Sie konnten ihr operatives Ergebnis (EBIT, inklusive Nicht-Pharma-Teile) nach einem Wachstum von 6,1 Prozent im Jahr 2015 im Folgejahr um 6,3 Prozent auf 156,7 Milliarden Euro steigern. Die Profitabilität (EBIT-Marge, Verhältnis Gesamtergebnis zum Gesamtumsatz, inklusive Nicht-Pharma-Teile) ist damit auf 27,0 Prozent gestiegen. Der Umsatz der grössten Firmen kletterte 2016 – bereinigt um Währungseffekte – um 3,1 Prozent auf 445,4 Milliarden Euro. 2015 war er noch um 4,6 Prozent gestiegen.

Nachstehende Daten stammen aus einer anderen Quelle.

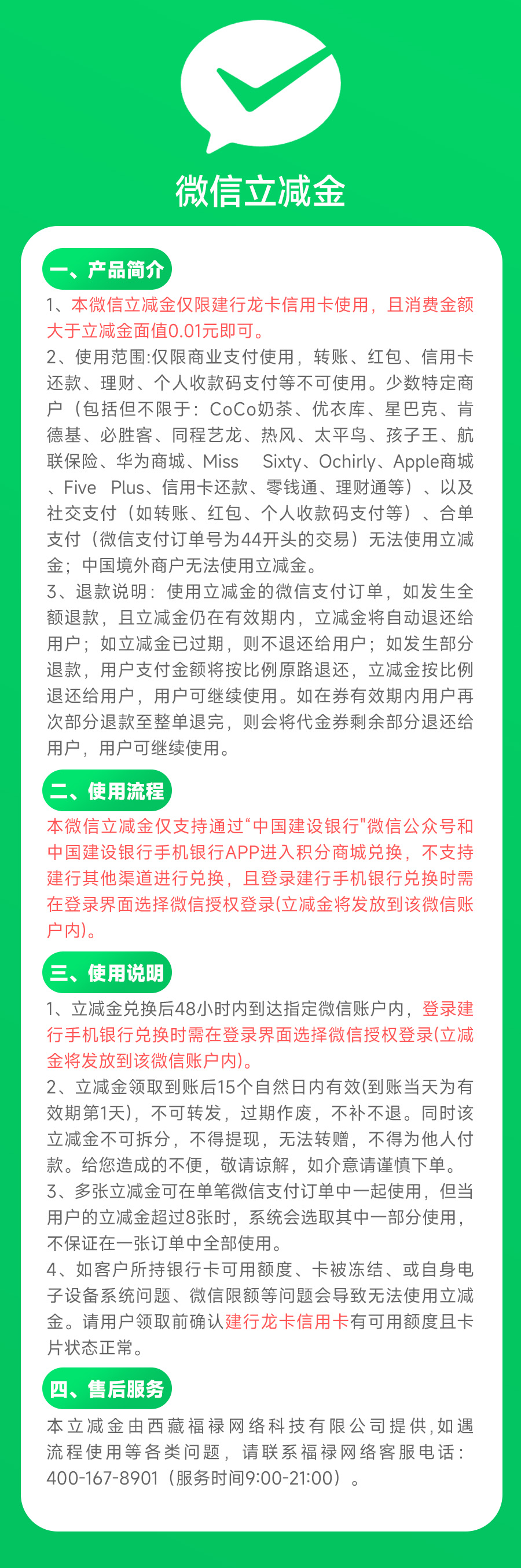 微信立减金50元面值(仅限建行龙卡信用卡使用)

Noch deutlicher ist der Wachstumsrückgang bei den Ausgaben für Forschung und Entwicklung: Die Unternehmen gaben zusammen 80,7 Milliarden Euro aus. Das waren währungsbereinigt zwar 3,9 Prozent mehr als 2015, damals hatten die Unternehmen jedoch ihre Investitionen gegenüber dem Vorjahr noch um 8,6 Prozent erhöht. Die beiden Schweizer Unternehmen Roche und Novartis gaben im letzten Jahr 7,88 Milliarden beziehungsweise 6,43 Milliarden Euro für Forschung aus und belegen damit in absoluten Zahlen die ersten Ränge.

Wachstumsschwäche trotz neuer Wirkstoffe
Die Produktpipeline wächst dank der hohen Forschungsausgaben vergangener Jahre noch weiterhin zweistellig: Derzeit befinden sich 4‘606 Produkte in der klinischen Entwicklung, der Zulassungsphase oder wurden in den Markt eingeführt. Das sind noch einmal knapp 12 Prozent mehr als im Jahr 2015. Insbesondere die Zahl der eingereichten und damit kurz vor der Markteinführung stehenden Wirkstoffe kletterte deutlich um ein Viertel auf 120 nach oben.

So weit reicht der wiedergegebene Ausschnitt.